There is a last member depthSlice to set in the attachment, that we must explicitly set to its undefined value because we do not use a depth buffer. This option is not supported by wgpu-native for now so we enclosed this within a #ifdef:

#ifndef WEBGPU_BACKEND_WGPU
renderPassColorAttachment.depthSlice = WGPU_DEPTH_SLICE_UNDEFINED;
#endif // NOT WEBGPU_BACKEND_WGPU

Misc#

There is also one special type of attachment, namely the depth and stencil attachment (it is a single attachment potentially containing two channels). We’ll come back on this later on, for now we do not use it so we set it to null:

renderPassDesc.depthStencilAttachment = nullptr;

When measuring the performance of a render pass, it is not possible to use CPU-side timing functions, since the commands are not executed synchronously. Instead, the render pass can receive a set of timestamp queries. We do not use it in this example (see advanced chapter about Benchmarking Time for more information).

renderPassDesc.timestampWrites = nullptr;

Conclusion#

At this stage you should be able to get a colored window. This seems simple, but it made us meet a lot of important concepts.

  • Instead of directly drawing to the window’s surface, we draw to an off-screen texture and the swap chain is responsible for managing the texture turn over.

  • The 3D rendering pipeline of the GPU is leveraged through the render pass, which is a special scope of commands accessible through the command encoder.

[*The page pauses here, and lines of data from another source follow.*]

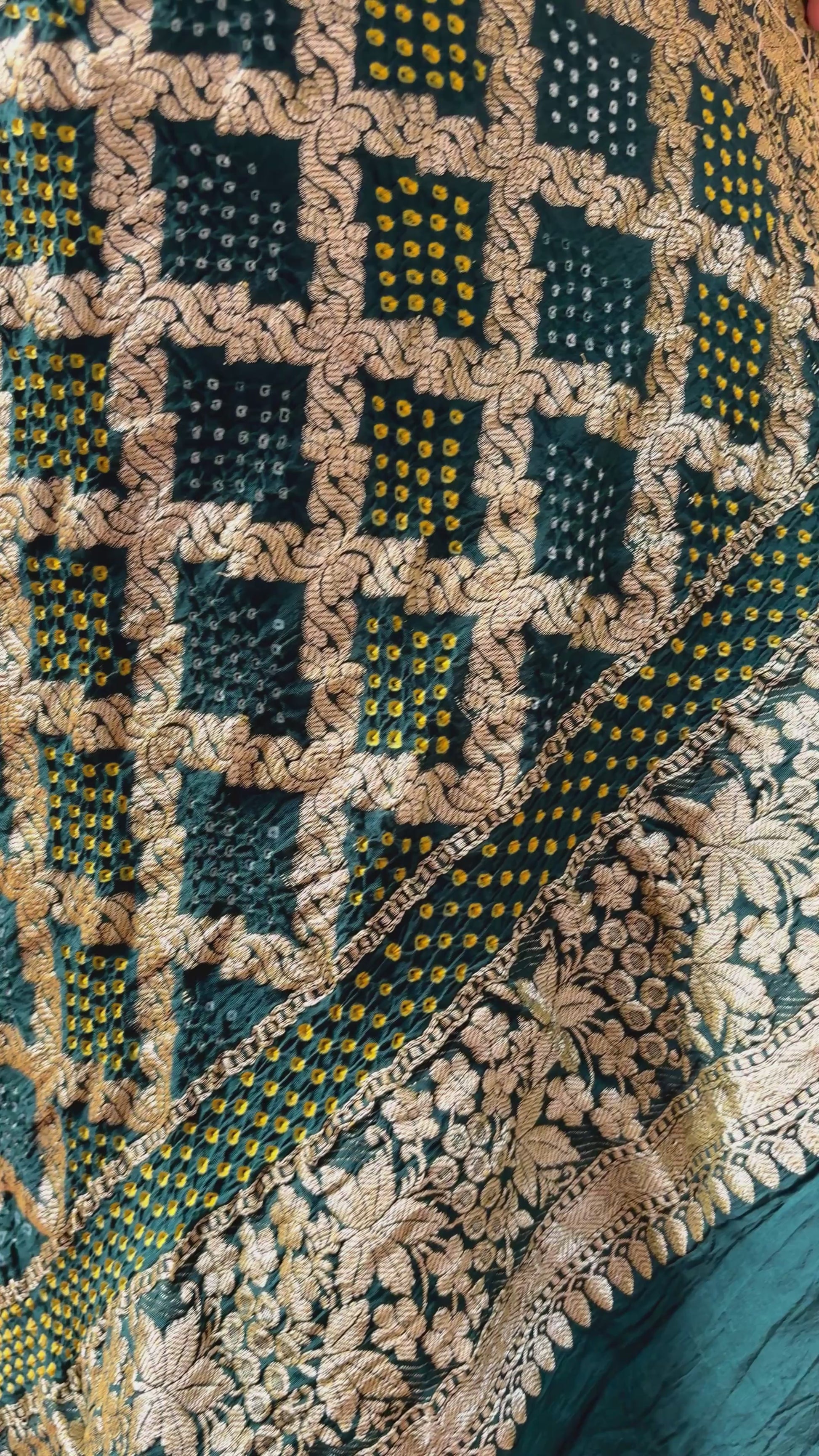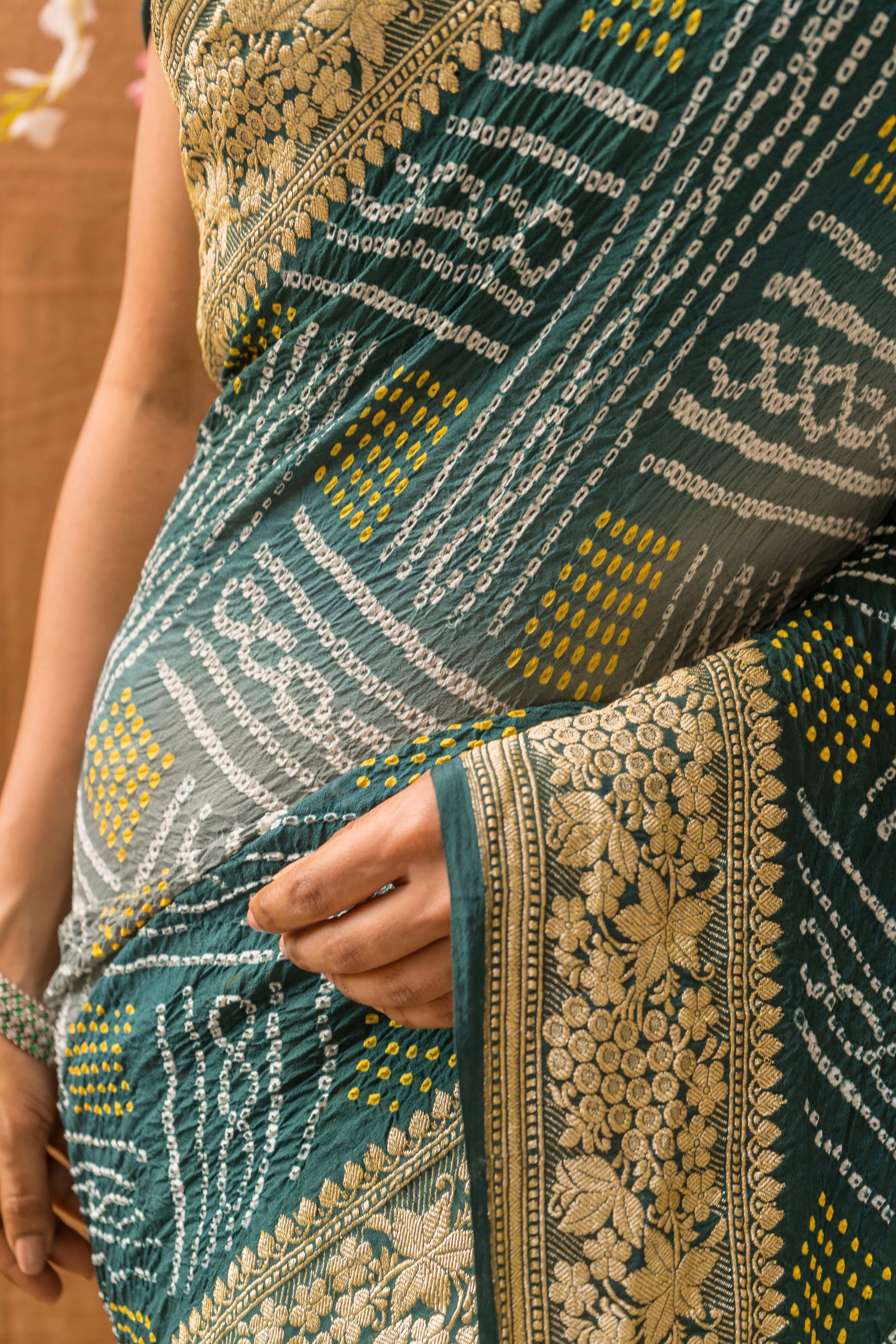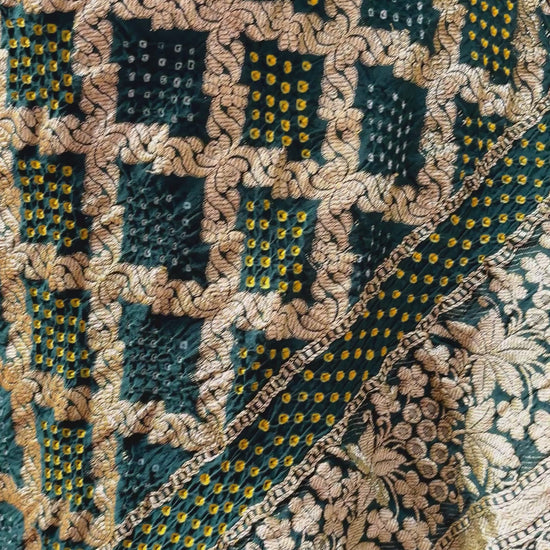 Green Shaded Bandhani with Floral Border Saree
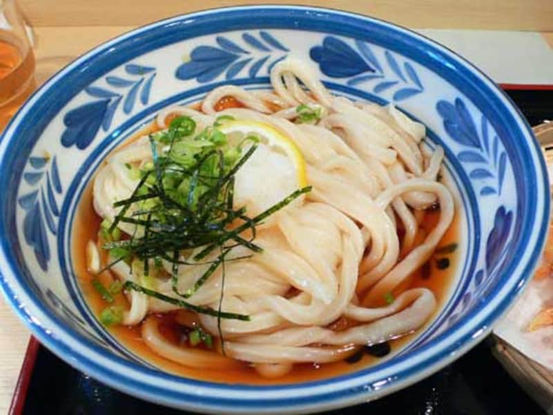 ちょうさ入り口・・・昼時は行列覚悟『ちょうさ』とは聞きなれない言葉だ。うどん店で何を調査するの?って感じだが・・・かの香川県西部(西讃)ではお祭に使われる山車に乗る太鼓台の意味らしい。豊浜に『ちょうさ祭』というのがあるようで盛大なお祭のようだ。ということで『ちょうさ』は讃岐、豊浜の山車のことだと理解すればお店の名前の由来も納得できる。納得できる故郷の味を再現東京にでてきてから数十年経つというオーナーは、東京の讃岐うどん店をほぼ食べつくしたという。結局自分が満足できるうどんとは出会えず自らうどん屋を開業したという。2008年5月開業。ほぼ1年経過して馬喰町の一角に讃岐うどん店として根づいた。近隣は衣類関連の問屋が多い。昼にはご近所のサラリーマンや女性社員などが押し寄せる。うどん+ご飯物(バラ寿司・キツネ寿司・ホタテご飯から選択)の組み合わせの定食650円が大人気のようだ。ちょうさのうどん研究し尽くしたうどんは国産小麦粉のブレンド。粉の香りというかうどんの風味に数十年の想いがこめられている。端正なASWに比べてよりアタリが柔らかく独特の粘りと弾力が魅力であろうか。いわゆる固めのコシとはかなり違った食感だ。すっと歯が入る。少し肩透かしを食ったような反応の後に口の中にうどんの風味が漂う。この優しい味わいが店主が求めていたものだろう。ぶっかけうどんは見た目よりしなやかぶっかけうどんは少し甘めの汁。肩の力が抜けた自然体でうどんに良く合う。かけうどんはさらに穏やかに優しい、ダシはイリコの風味と節の酸味が絡み合う。濃い目のしっかりした味わい。香川から直送の赤いちくわのトッピングが嬉しい。かけうどん480円は旨みの強いダシが魅力うどんの性格が知りたくて冷たいのと温かいの両方を食べたがそれぞれに個性的である。天ぷらも珍しいものがあった。『海老じゃこ天』200円(季節限定)小エビを寄せずにバラバラに揚げたスナック感覚。これは・・・ビールに合うぞ。(笑)海老じゃこ天を付ける天ぷらは揚げたてが出る。この混雑でたいしたものである。野菜天のかき揚げが人気。次回は頼みたい。『いいだこ天』200円(季節限定)も美味しそうだし、東京では珍しい。他にも香川、瀬戸内直送の蒲鉾やしょうゆ豆などがメニューを飾る。店内はほぼ讃岐化しているといっても良いだろう。楽しい店だ。気のいい女将さんは・・・見事な食べっぷりや注文の仕方をするとついつい一品おまけしてしまうような・・・そんな報告がいくつかある。気取らずにランチタイムを楽しみたい。何を選ぶか目移りしそうだ。きっと香川出身の人だと故郷に帰ったような気持ちになれるのでは無いだろうか。讃岐うどん ちょうさ東京都中央区日本橋馬喰町1-12-11TEL:03-3662-5330営業時間 :[月~土] 11:30~16:00定休日 :日曜・祝日Yahoo!地図情報 讃岐うどん ちょうさ付近 讃岐うどん ちょうさのサイト※記事内容は執筆時点のものです。最新の内容をご確認ください。※メニューや料金などのデータは、取材時または記事公開時点での内容です。
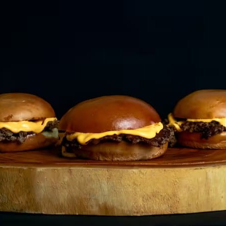 Pão brioche selado na manteiga, maionese da casa, 2 blends80g (cada) fraldinha e queijo cheddar cremoso.
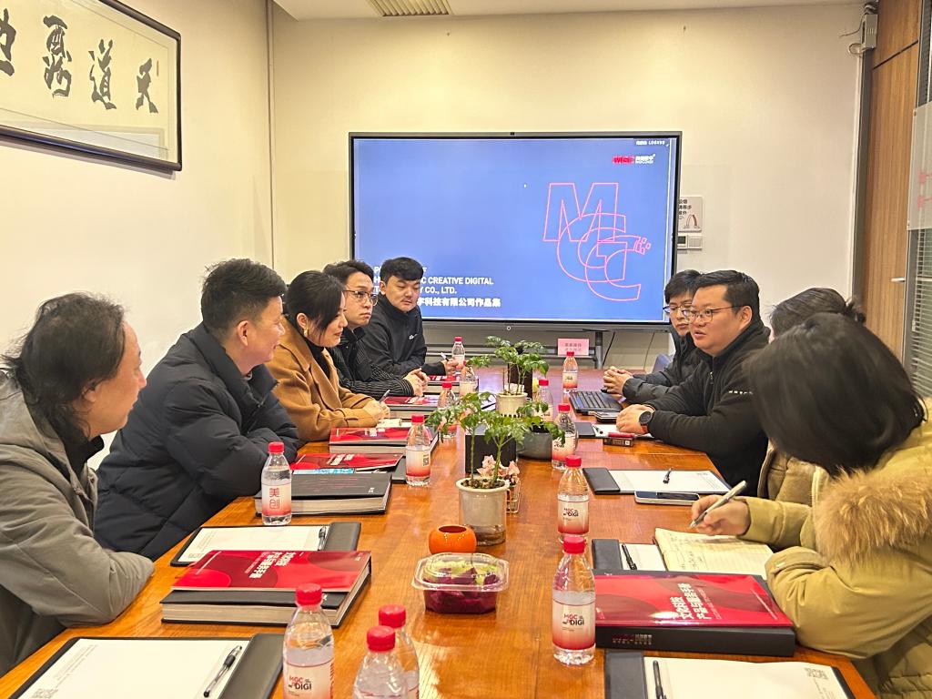 3月5日下午,学院党委书记郭剑、党委委员严海岸、就业专干程静征、2025届毕业生辅导员李世成前往湖南美创数字科技有限公司进行走访调研,开展“访企拓岗”专项工作并商讨产学研校企合作事宜。湖南省人民政府参事室特约研究员、湖南湘江新区文化创意和旅游产业协会会长、太阳成集团tyc122cc入口设计艺术学院校外研究生导师肖鑫;湖南美创数字科技有限公司董事长杨红爵、品牌部负责人廖思雨、人力资源部负责人彭佳等出席座谈会。
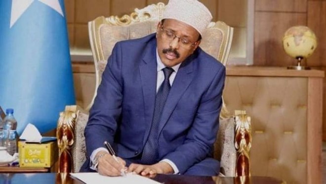 Khamiis, December, 24, 2020 (HOL) -Madaxweynaha Jamhuuriyadda Federaalka Soomaaliya Mudane Maxamed Cabdullaahi Farmaajo ayaa saxiixay Xeer Madaxweyne oo dib u dhigaya ansixinta Wax-ka-beddelka Dastuurka Kumeel Gaarka ah maadaama la galay xilligii doorashooyinka oo ay sii dhammaaneyso muddada xilhaynta Barlamaanka 10aad, ayna bilaabanayso muddo Xileedka Barlamaanka 11aad ee Jamhuuriyadda Federaalka Soomaaliya.
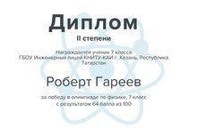 Дипломом II степени за победу в Международной онлайн-олимпиаде "Фоксфорда" по физике награжден лицеист 7А класса Роберт Гареев! Поздравляем! Выражаем благодарность учителю Диляре Альбертовне.
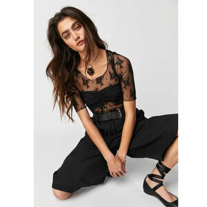 New FREE PEOPLE Minnie Set $148 SIZE 0 Black WIDE-LEG LONGLINE SHORTS
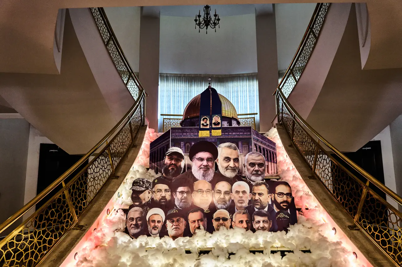 Portraits of martyred figures from Iran’s so-called Axis of Resistance were displayed as cut-out images along the main staircase inside the Iranian embassy. Set against the Al-Aqsa Mosque and ringed by fake flowers, it felt staged, ceremonial, and deeply absurd.
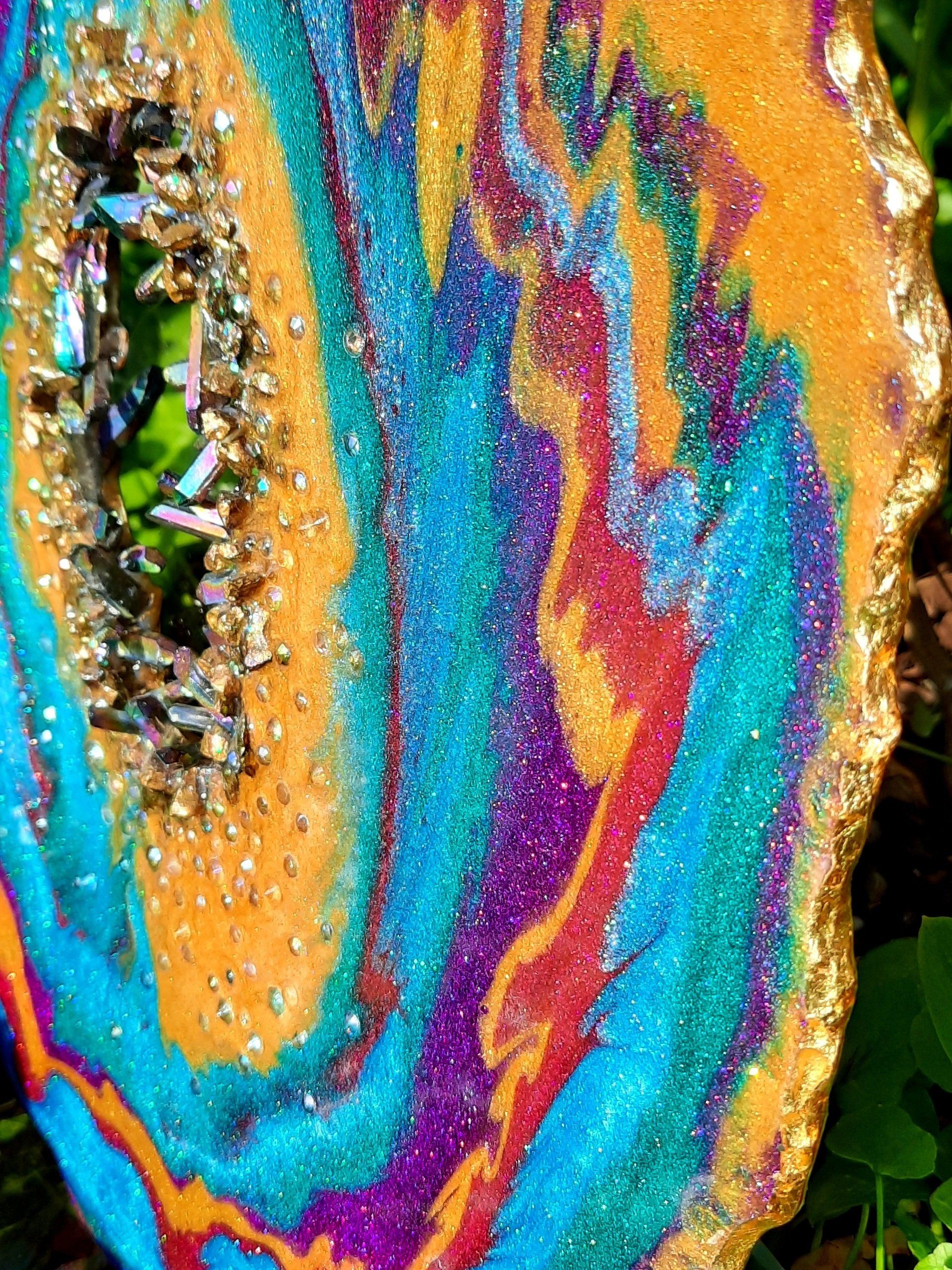 Fashioned from acrylics, mica, natural and hand formed crystals, gold edged.

  • The render pass draws to one or multiple attachments, which are texture views.

../../_images/first-color.png

Our first color!#

Note

When using Dawn, the displayed color is potentially different because the surface color format uses another color space. More on this later!

We are now ready with the basic WebGPU setup, and can dive more deeply in the 3D rendering pipeline! The next chapter is a bonus that introduces a more comfortable API that benefits from C++ idioms.